Thursday, March 17, 2011

Thursday Trio


A man and woman were having a quiet, romantic dinner in a fine restaurant. They were gazing lovingly at each other and holding hands.

Their waitress, taking another order at a table a few steps away, suddenly noticed the man slowly sliding down his chair and under the table, but the woman acted unconcerned.

The waitress watched as the man slid all the way down his chair and out of sight under the table.

Still, the woman appeared calm and unruffled, apparently unaware her dining companion had disappeared.

The waitress went over to the table and said to the woman, "Pardon me, ma'am, but I think your husband just slid under the table."

The woman calmly looked up at her and said, "No, he didn't. He just walked in the door." 



I picked up a dyslexic woman in a bar the other night and took her home. After telling her what I wanted her to do - she ended up cooking my sock!





The following are (supposedly) replies that Detroit women have written on Child Support Agency Forms in the section for listing 'Father's Details,' or putting it another way... Who's your baby's Daddy? These are genuine excerpts from the forms. Be sure to check out #11, it takes 1st prize and #3 is runner up.
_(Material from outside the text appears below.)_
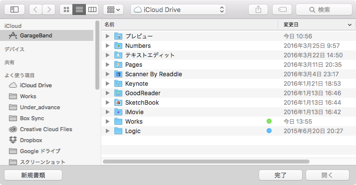 GarageBand 10.1.0でiCloud Driveに保存してあるはずの曲が開けないです。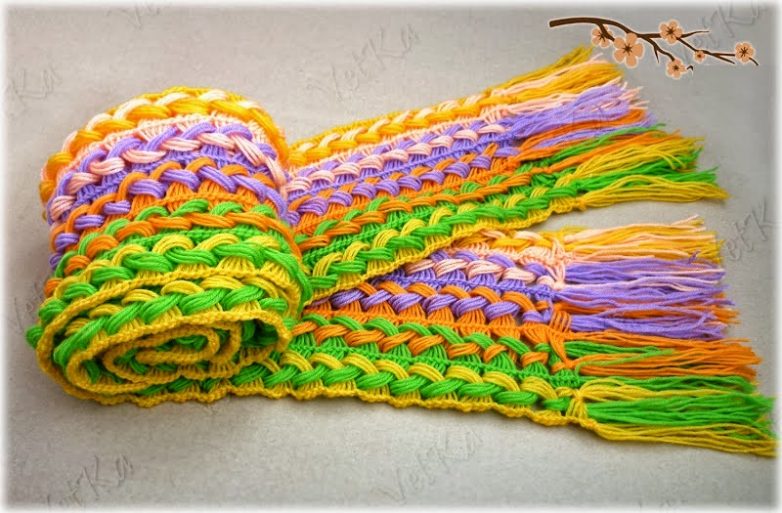 Подготавливаем еще одну длинную полосу с петлями и присоединяем к основному полотну. Работу продолжаем до тех пор, пока ширина шарфа не будет достаточной. В конце добавляем бахрому. Готовый шарф смачиваем водой и даем ему высохнуть в расправленном состоянии.

1. Regarding the identity of the father of my twins, Makeeshia was fathered by Maclearndon McKinley I am unsure as to the identity of the father of Marlinda, but I believe that she was conceived on the same night.

2. I am unsure, as to the identity of the father of my child as I was being sick out of a window when taken unexpectedly from behind.  I can provide you with a list of names of men that I think were at the party if this helps.

3. I do not know the name of the father of my little girl.  She was conceived at a party at 3600 East Grand Boulevard where I had sex with a man I met that night.  I do remember that the sex was so good that I fainted.  If you do manage to track down the father, can you please send me his phone number?  Thanks...

4. I don't know the identity of the father of my daughter.  He drives a BMW that now has a hole made by my stiletto in one of the door panels.  Perhaps you can contact BMW service stations in this area and see if he's had it replaced.

5. I have never had sex with a man. I am still a Virginian.  I am awaiting a letter from the Pope confirming that my son's conception was ejaculate and that he is the Saver risen again.

6. I cannot tell you the name of Alleshia's dad as he informs me that to do so would blow his cover and that would have cataclysmic implications for the economy.  I am torn between doing right by you and right by the country.  Please advise.

7. I do not know who the father of my child was as they all look the same to me.

8. Tyrone Hairston is the father of child "A".  If you do catch up with him, can you axe him what he did with my AC/DC CDs?  Child "B" who was also borned at the same time...well, I don't have clue.

9. From the dates it seems that my daughter was conceived at Disney World.  Maybe it really is the Magic Kingdom.

10. So much about that night is a blur.  The only thing that I remember for sure is Delia Smith did a program about eggs earlier in the evening.  If I had stayed in and watched more TV rather than going to the party at 8956 Miller Ave. mine might have remained unfertilized.

11. I am unsure as to the identity of the father of my baby, after all, like when you eat a can of beans you can't be sure which one made you fart.

.

7 comments:

Matty said...

OMG....absolutely hilarious. And there are actually women out there who wrote this stuff. God bless our educational system.

Jamie said...

Where do you FIND this stuff?

You always make me laugh. Have a wonderful Friday. :)

suz said...

Good way to start a Friday!

blueeyedtawni said...

This made my morning ... sadly almost sounds like TN lol

Ducky said...

Sadly... doesn't even surprise me. Not one bit!

Hope you had brilliant St. Patty's day and got lots of Irish Action!

J-Tony said...

Wow, too funny...sad but funny. Thanks

dc said...

LOL, had to read the first one twice before I caught it. Guess I am a little dyslexic myself.